| INFORMATION SHOWN |
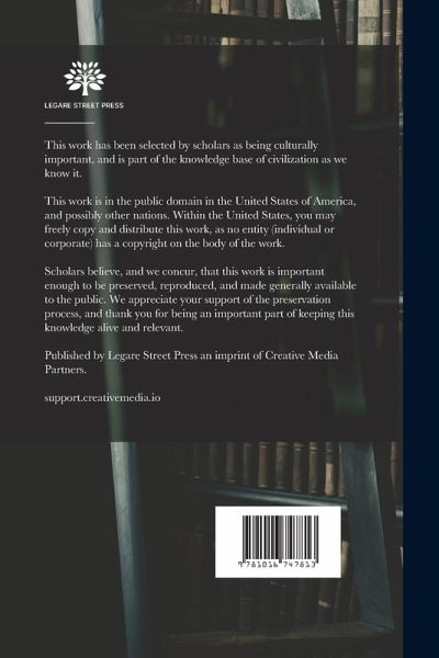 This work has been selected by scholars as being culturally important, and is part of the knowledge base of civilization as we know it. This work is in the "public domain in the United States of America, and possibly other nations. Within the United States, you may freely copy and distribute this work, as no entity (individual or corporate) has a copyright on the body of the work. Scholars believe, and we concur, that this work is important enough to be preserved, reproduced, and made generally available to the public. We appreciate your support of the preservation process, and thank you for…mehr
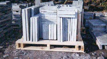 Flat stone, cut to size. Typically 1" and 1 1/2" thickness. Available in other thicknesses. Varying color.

* * *

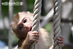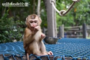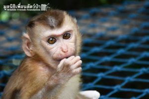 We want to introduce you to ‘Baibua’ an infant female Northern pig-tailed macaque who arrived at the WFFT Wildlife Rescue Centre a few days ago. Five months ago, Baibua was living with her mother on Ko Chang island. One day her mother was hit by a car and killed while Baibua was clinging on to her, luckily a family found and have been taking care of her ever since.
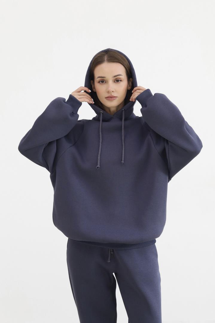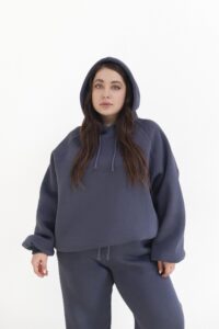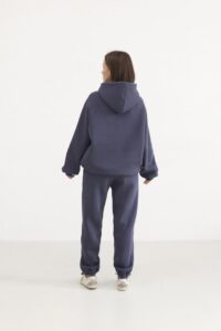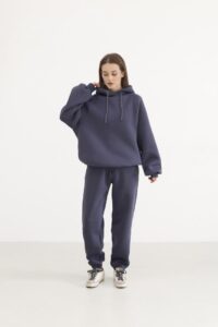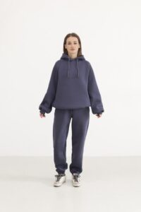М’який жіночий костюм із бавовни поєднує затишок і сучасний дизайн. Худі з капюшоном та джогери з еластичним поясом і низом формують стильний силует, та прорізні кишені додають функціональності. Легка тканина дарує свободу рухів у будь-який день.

---

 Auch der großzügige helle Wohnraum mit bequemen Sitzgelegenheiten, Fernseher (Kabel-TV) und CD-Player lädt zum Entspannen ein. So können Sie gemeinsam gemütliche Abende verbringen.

| TASK STATEMENT |
What is needed is an exact copy of only the lines above from the one with "This work has" to the one with "Flat stone, cut", both kept, with every picture left out.

| RESPONSE BELOW |
 This work has been selected by scholars as being culturally important, and is part of the knowledge base of civilization as we know it. This work is in the "public domain in the United States of America, and possibly other nations. Within the United States, you may freely copy and distribute this work, as no entity (individual or corporate) has a copyright on the body of the work. Scholars believe, and we concur, that this work is important enough to be preserved, reproduced, and made generally available to the public. We appreciate your support of the preservation process, and thank you for…mehr
 Flat stone, cut to size. Typically 1" and 1 1/2" thickness. Available in other thicknesses. Varying color.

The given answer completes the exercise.